Prior to joining RSIS, Nanthini was an intern at the Asia-Europe Foundation in Singapore and has written for the Young Diplomats as their Regional Content Writer for Southeast Asia. Her research interests include human security in Southeast Asia, looking at the HADR landscape through a gendered lens and the role of multilateralism in the security architecture of the Asia-Pacific.
Prof Mely Caballero-Anthony is Professor of International Relations and President’s Chair for International Relations and Security Studies. She is also Head of the Centre for Non-Traditional Security Studies at the S. Rajaratnam School of International Studies (RSIS), Nanyang Technological University. Prof. Caballero-Anthony teaches courses on non-traditional security in Asia and security governance and has served as the Secretary-General of the Consortium on Non-Traditional Security Studies in Asia since 2008. Her research interests include regionalism and multilateralism in Asia-Pacific, global governance, human security and non-traditional security, nuclear security and conflict prevention. She is also currently member of the Asia-Pacific Leadership Network on Nuclear Non-Proliferation (APLN). From 2015 to 2017, Prof Anthony was Vice President at-large of the Governing Council of the International Studies Association (ISA) and is a member of the ISA’s Global South Task Force. In 2015, she was a visiting fellow at George Washington University’s Elliott School of International Affairs. From 2013 to 2017, Prof Anthony was a member of the UN Secretary-General’s Advisory Board on Disarmament Matters (ABDM) and served as its Chairperson in 2016. From 2011 to 2012, she was Director of External Relations at the ASEAN Secretariat.

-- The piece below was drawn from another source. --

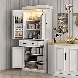 - Light up your kitchen organization with the HOMCOM storage cabinet with doors and shelves! Featuring adjustable LED lights with motion and light sensors, this tall cabinet offers customizable illumination. Enjoy ample storage with a drawer, four adjustable shelves, and six side door shelves, all secured with magnetic locks for seamless access. Transform your kitchen storage into a well-lit, functional space!

She has published extensively on a broad range of political and security issues in Asia-Pacific in peer-reviewed journals and international academic press. Her latest books, both single-authored and co-edited, include: Negotiating Governance on Non-Traditional Security in Southeast Asia and Beyond, An Introduction to Non-Traditional Security Studies, Human Security and Climate Change, Asia on the Move.
Dr Alistair D. B. Cook is Coordinator of the Humanitarian Assistance and Disaster Relief Programme and Senior Fellow at the Centre for Non-Traditional Security Studies (NTS Centre), S. Rajaratnam School of International Studies (RSIS), Nanyang Technological University (NTU) in Singapore. His research interests focus geographically on the Asia-Pacific and Myanmar in particular and thematically on humanitarian assistance and disaster relief (HADR), foreign policy and regional cooperation. He has taught undergraduate, graduate and professional development courses at Purdue University, University of Melbourne, Deakin University, Nanyang Technological University, Australian National University, Singapore Civil Defence Academy and SAFTI.